RECORDED DATA:
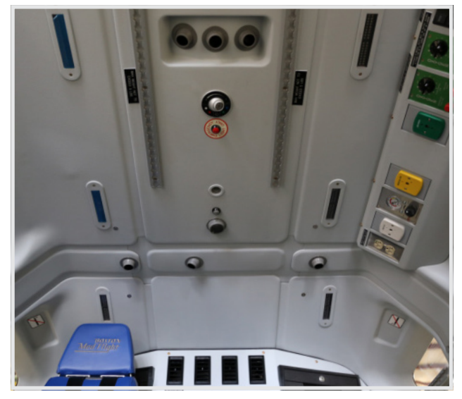
IV Rail and Cabin Lighting
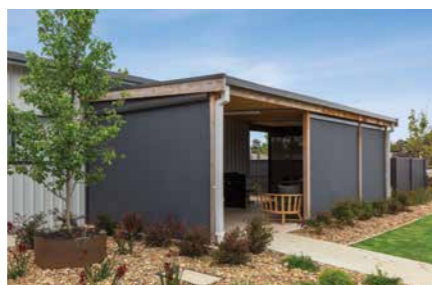
Unleash your creativity in the maker's studio
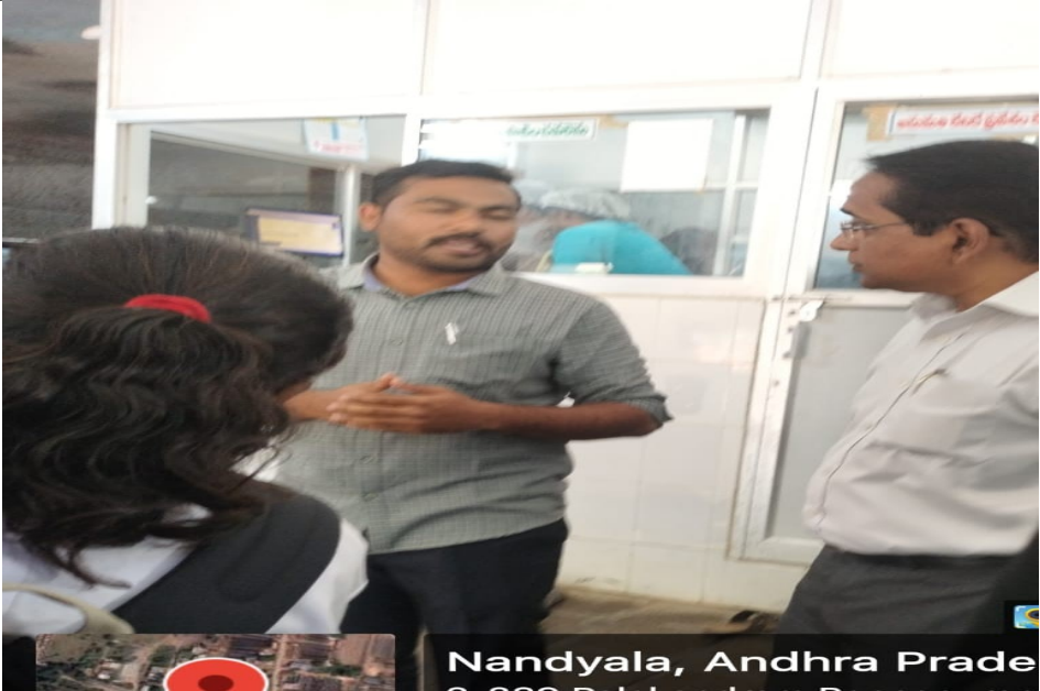
Nandyala, Andhra Prade
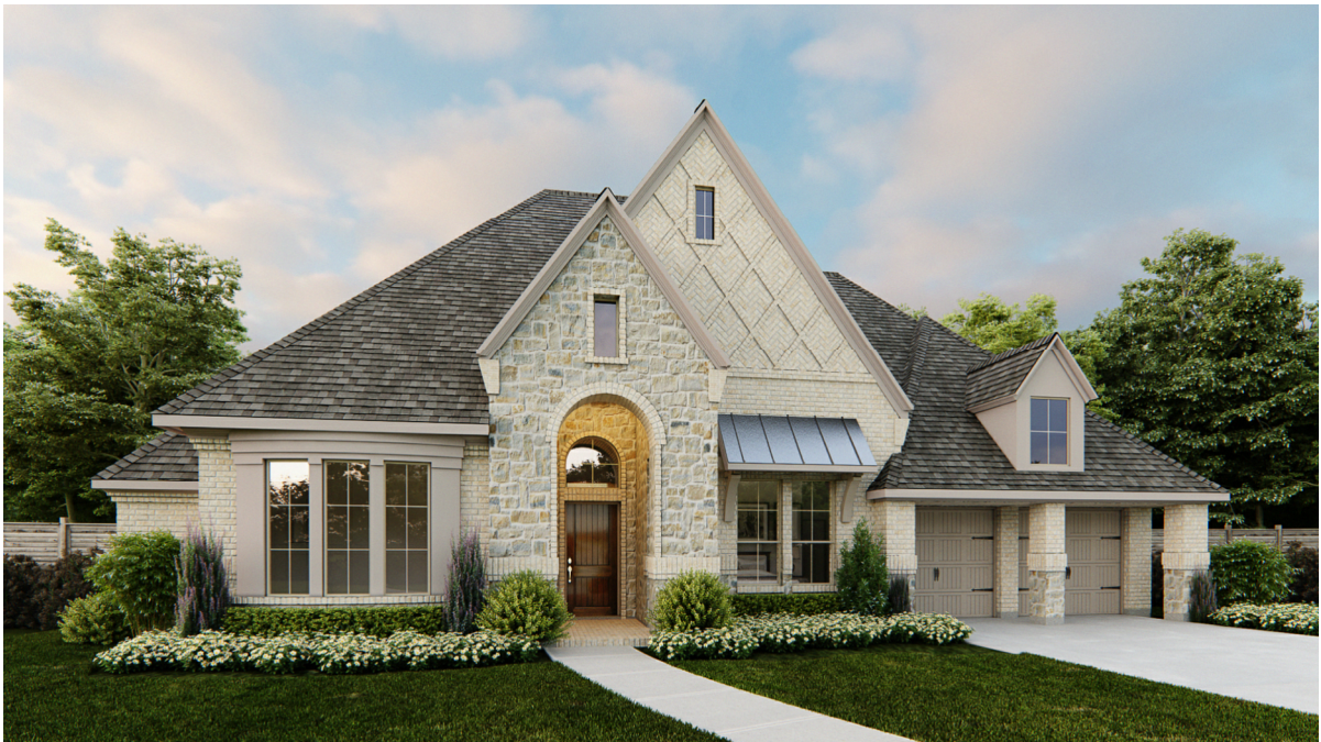
Design 3525W E-101
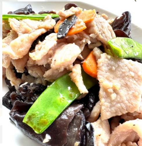
Stir-Fried Pork with Black Fungus
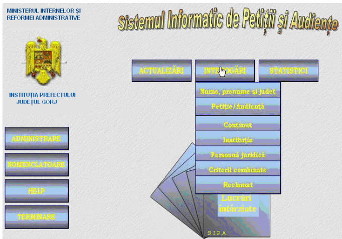
Fig.2: Application menu

This informatics system has as a purpose the evidence of the received petitions and their solving. The architecture proposed for the accomplishment of the integrated informatics system in public administration is the WEB architecture, based on the use of Internet communication technologies, having as components relational, unique data basis. The application is organized on five modules. In order to open the application, one has to open Internet Explorer and to type http://localhost/Sipa/Login.aspx in the address bar. For the client stations, one has to replace the local host with the server's IP. In the connection screen, the user must type a valid username and password. If the username and password are correct, the menu of the application presented in the below figure will open:
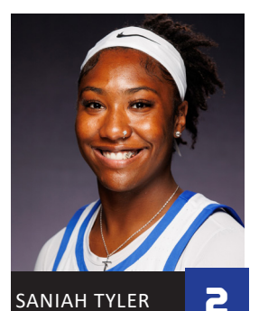
G - 5-6 - Jr. Florissant, Mo. (Incarnate Word Academy)
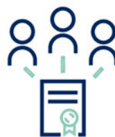
3. Support the change by developing a professional learning strategy
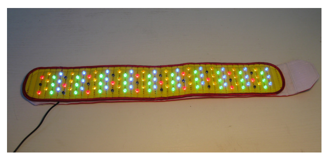
Fig. 2. Photon-magnetic matrix A. Korobov-V. Korobov "Barva-Laryngologist/FM"

In Fig. 3 shows a photo of the "Barva-CNS/FM" apparatus and the "Barva-Laryngologist/FM" matrix mounted on a mannequin in the working position.
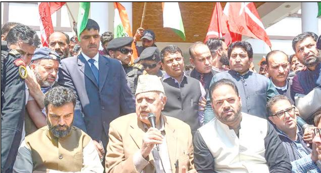
April 25, 2024 nü Srinagar nung National Conference Tir Farooq Abdullah aser J&K Congress Tir, Vikar Rasool nati osangbenertem den jembidang tangokba noksa nung angur.
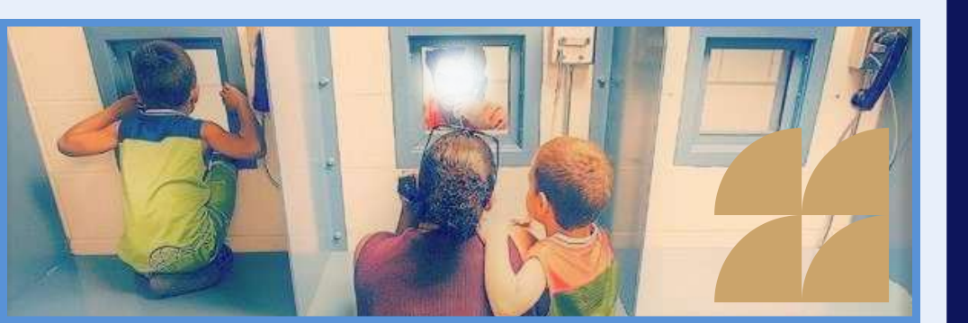
Understand families more who have a loved one who is incarcerated
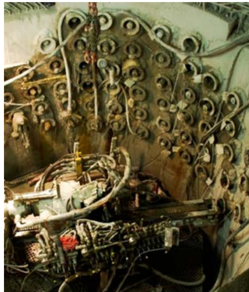
Access shaft for the installation and grouting of compensation grout pipes.
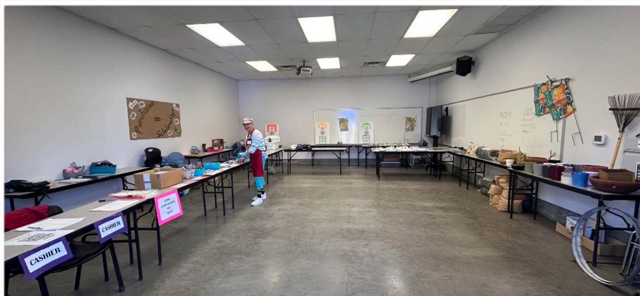
The store is ready to go!
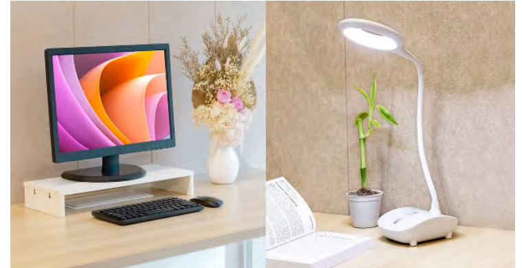
Monitor riser for your daily classes available at SM Stationery. Rechargeable desk lamp for your daily reading.

And of course, there are notebooks to keep one in track with lessons and schedules. Keep your kids creative with writing pads pens, as well as sketchpads for budding artists. Fun and fashionable backpacks, totes, and carry-all bags will help keep their things organized as they head off for school. All these and more are available at SM Stationery located in all The SM Store branches nationwide. For a more convenient shopping experience, check out https://smstationery.com.ph/ or ShopSM. Follow @smstationeryph on Facebook and @smstationeryph on Instagram for more exclusive deals and updates!

EXERCISE GOAL: Please set down, exactly and with no pictures, the lines in the entries above starting at the one holding "Access shaft for" and ending at the one holding "Monitor riser for", ends included.

TASK OUTPUT:
Access shaft for the installation and grouting of compensation grout pipes.
The store is ready to go!
Monitor riser for your daily classes available at SM Stationery. Rechargeable desk lamp for your daily reading.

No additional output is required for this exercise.